# EXERCISE:
Every word in the data below belongs in your copy, exactly as given; the pictures do not.

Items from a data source
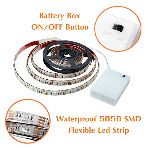 ★FLEXIBLE AND SAFE TO USE: 5050 RGB Waterproof flexible LED strip with battery box, portable,Flexible Led strips bend to your desired positions,Self-adhesive back with Adhesive tape for secure and easy application. no harm to human eyes. low power consumption, stable performance Led strip. touchable and safe to children.More energy efficient,safer,more convenient.
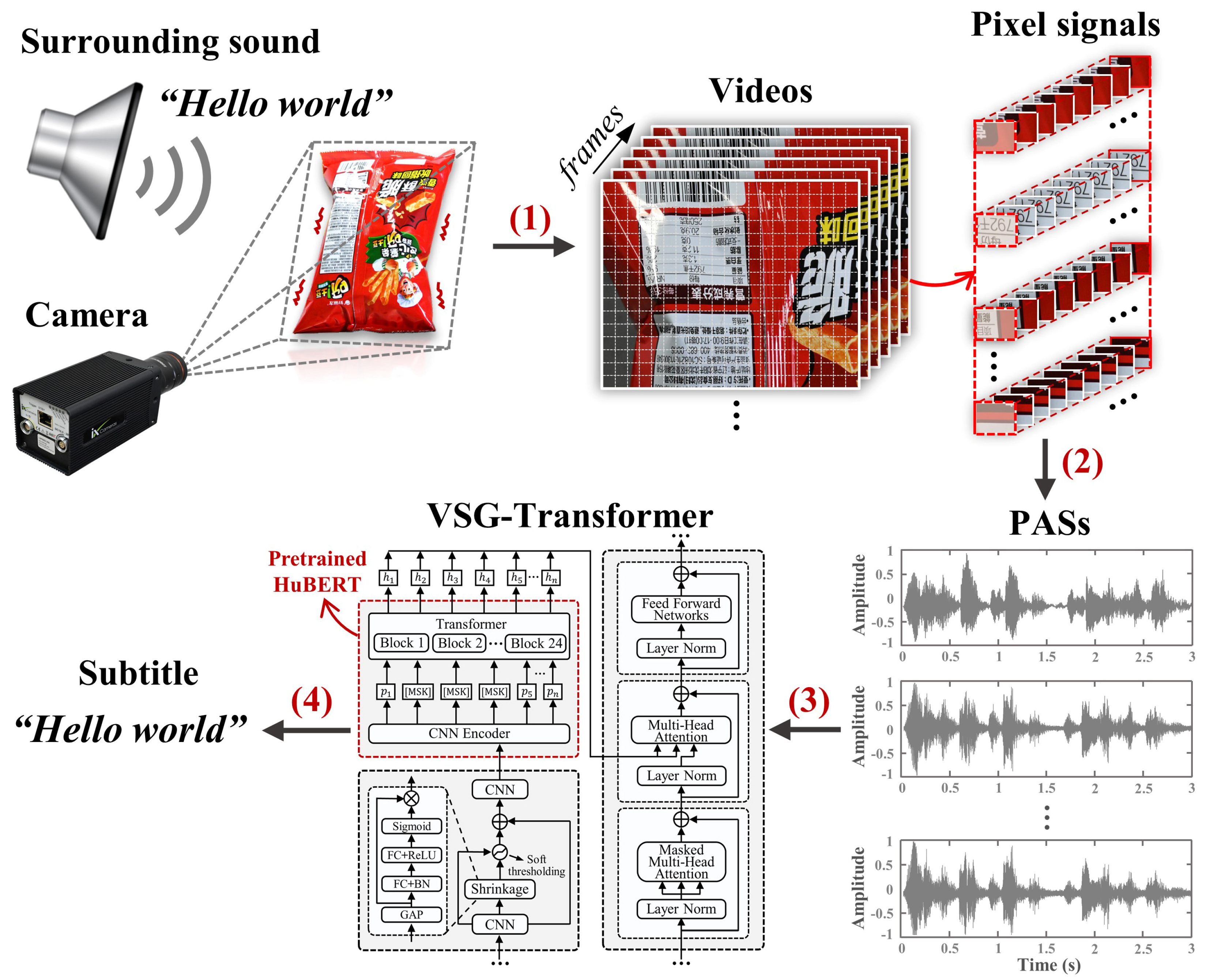 - VSG-Transformer training and testing: Large-scale PASs that encode rich acoustic features are used to construct the PAS dataset employed to train and evaluate VSG-Transformer. A multi-stage transfer learning strategy effectively links the pretrained acoustic representations of HuBERT to the PAS-driven VSG task;
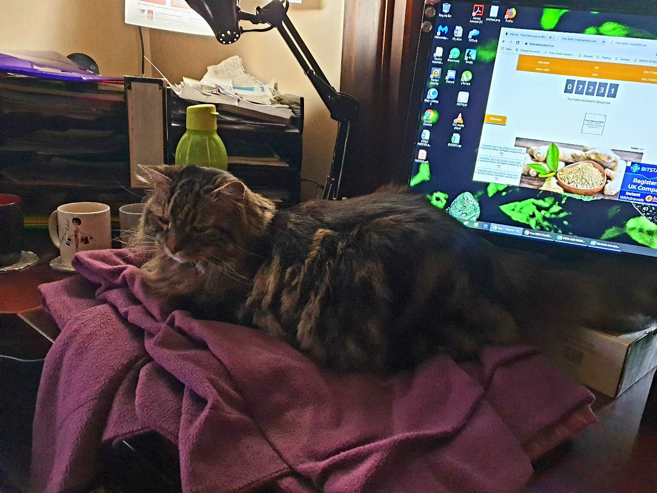 He continues to position himself on the computer desk, although now he will jump up in front us and be waiting for love and pats as though it was his spot this whole time. Yesterday I was sitting at the desk working on my laptop and he startled me by jumping up without realising he I had paperwork on the desk, so he slips most ungraciously and I catch him in mid-fall.
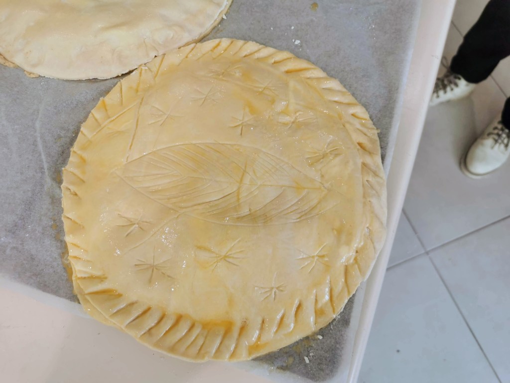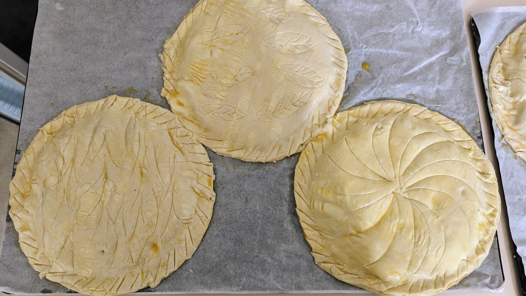 Pendant la pousse, nous reprenons nos abaisses pour les garnir de frangipane à la poche à douille avant de les recouvrir, de les dorer et de les inciser. Les décors incisés n’auront malheureusement pas tous la visibilité voulue au final, nous ferons mieux la prochaine fois.
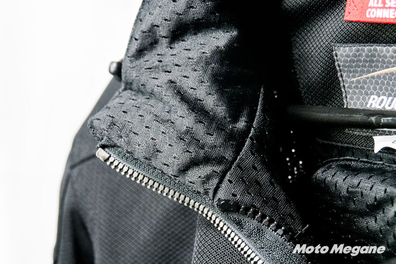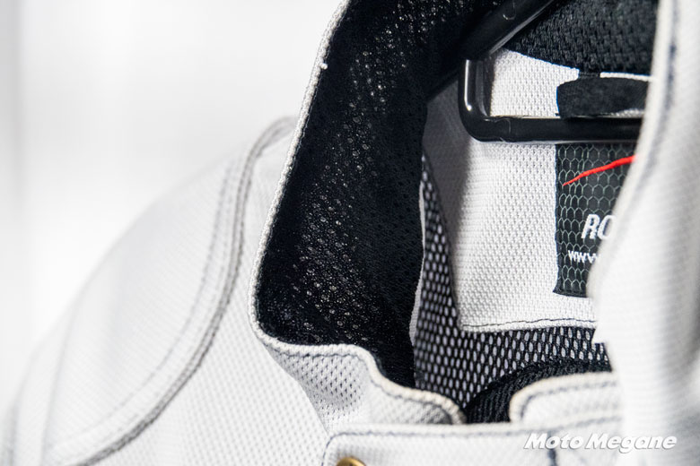 汗をかきやすい襟もとには吸湿速乾性に優れ体表温度を快適に保つクールマックスメッシュが採用されている。
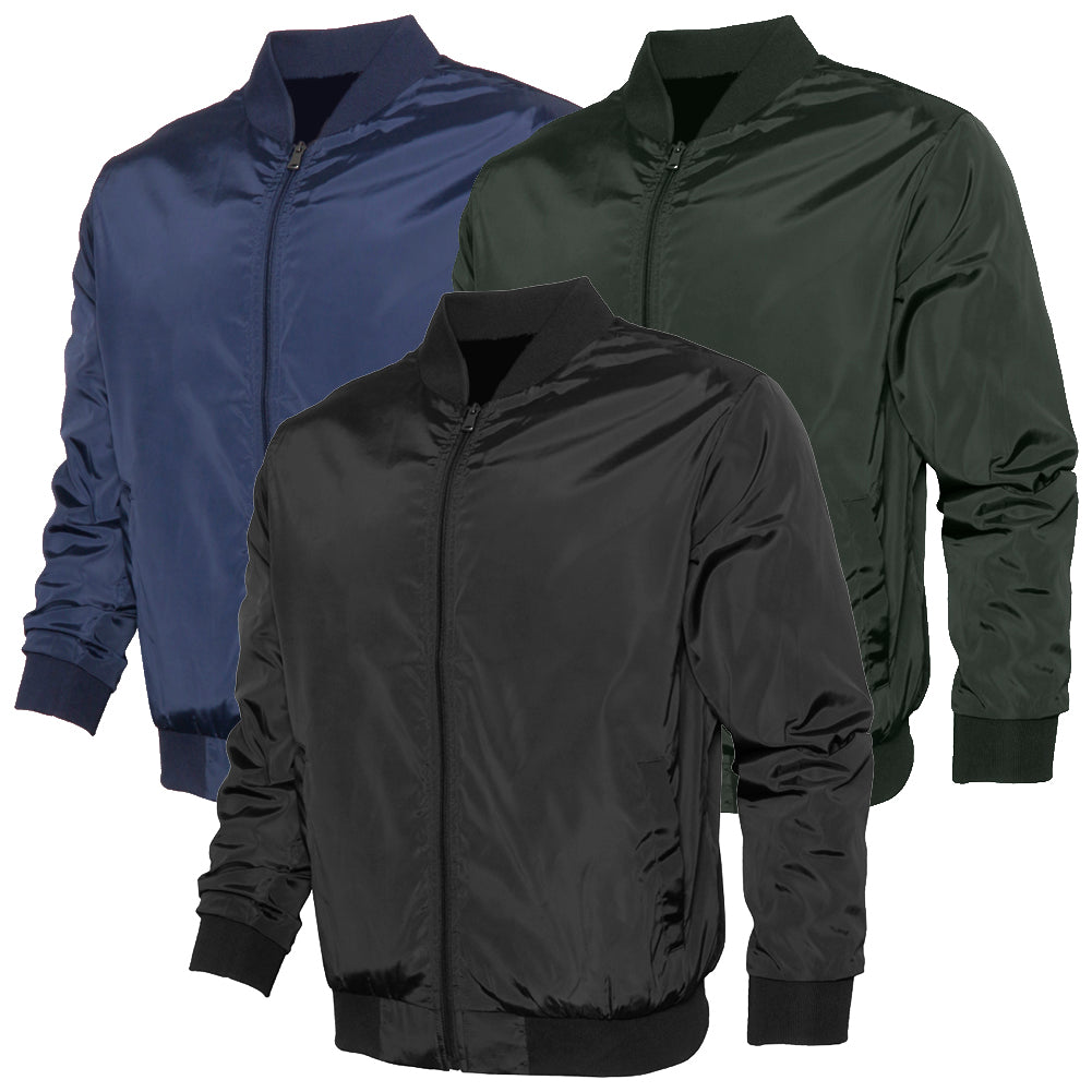 Mens Zipper Bomber Jacket Solid Color Lightweight Polyester Casual Regular Fit
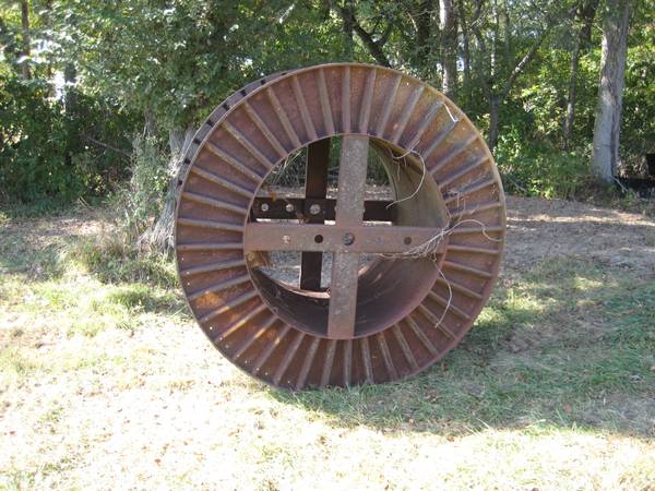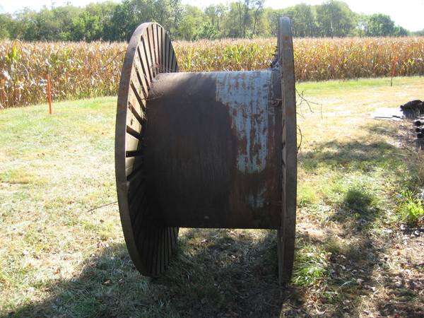 STEEL WIRE SPOOL LARGE SPOOL 6-1/2 FEET DIAMETER THIS IS A STEEL LARGE WIRE SPOOL IT IS ABOUT 6-1/2 FEET IN DIAMETER AND 3 FEET WIDE. IT IS STILL USABLE FOR ITS INTENDED PURPOSE OR REPURPOSE IT FOR...
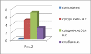 По результатам второй группы, в ней отсутствуют школьники с сильной нервной системой, на рис2 мы видим, что у большинства испытуемых 7 из 15 преобладают средне -слабая нервная система, которая характеризуется как промежуточная между средней и слабой нервной системой.
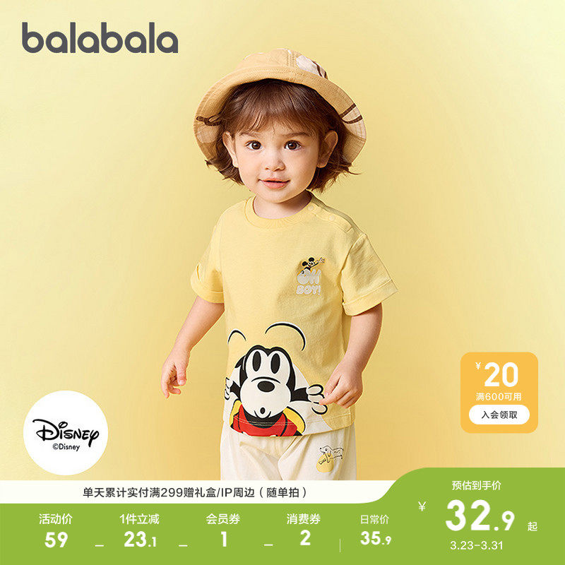 【迪士尼】巴拉巴拉婴儿t恤宝宝短袖上衣男童女童轻薄新款夏装萌
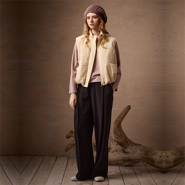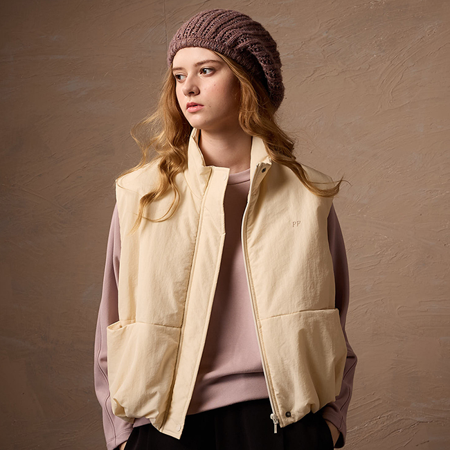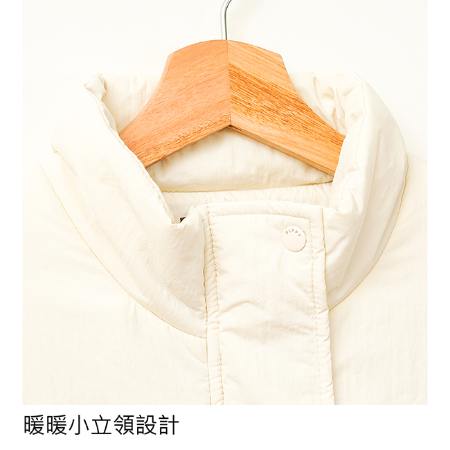 PIPPY 俐落立領麵包風衣鋪棉背心 米

# ANSWER TO THIS EXERCISE:
 ★FLEXIBLE AND SAFE TO USE: 5050 RGB Waterproof flexible LED strip with battery box, portable,Flexible Led strips bend to your desired positions,Self-adhesive back with Adhesive tape for secure and easy application. no harm to human eyes. low power consumption, stable performance Led strip. touchable and safe to children.More energy efficient,safer,more convenient.
 - VSG-Transformer training and testing: Large-scale PASs that encode rich acoustic features are used to construct the PAS dataset employed to train and evaluate VSG-Transformer. A multi-stage transfer learning strategy effectively links the pretrained acoustic representations of HuBERT to the PAS-driven VSG task;
 He continues to position himself on the computer desk, although now he will jump up in front us and be waiting for love and pats as though it was his spot this whole time. Yesterday I was sitting at the desk working on my laptop and he startled me by jumping up without realising he I had paperwork on the desk, so he slips most ungraciously and I catch him in mid-fall.
 Pendant la pousse, nous reprenons nos abaisses pour les garnir de frangipane à la poche à douille avant de les recouvrir, de les dorer et de les inciser. Les décors incisés n’auront malheureusement pas tous la visibilité voulue au final, nous ferons mieux la prochaine fois.
 汗をかきやすい襟もとには吸湿速乾性に優れ体表温度を快適に保つクールマックスメッシュが採用されている。
 Mens Zipper Bomber Jacket Solid Color Lightweight Polyester Casual Regular Fit
 STEEL WIRE SPOOL LARGE SPOOL 6-1/2 FEET DIAMETER THIS IS A STEEL LARGE WIRE SPOOL IT IS ABOUT 6-1/2 FEET IN DIAMETER AND 3 FEET WIDE. IT IS STILL USABLE FOR ITS INTENDED PURPOSE OR REPURPOSE IT FOR...
 По результатам второй группы, в ней отсутствуют школьники с сильной нервной системой, на рис2 мы видим, что у большинства испытуемых 7 из 15 преобладают средне -слабая нервная система, которая характеризуется как промежуточная между средней и слабой нервной системой.
 【迪士尼】巴拉巴拉婴儿t恤宝宝短袖上衣男童女童轻薄新款夏装萌
 PIPPY 俐落立領麵包風衣鋪棉背心 米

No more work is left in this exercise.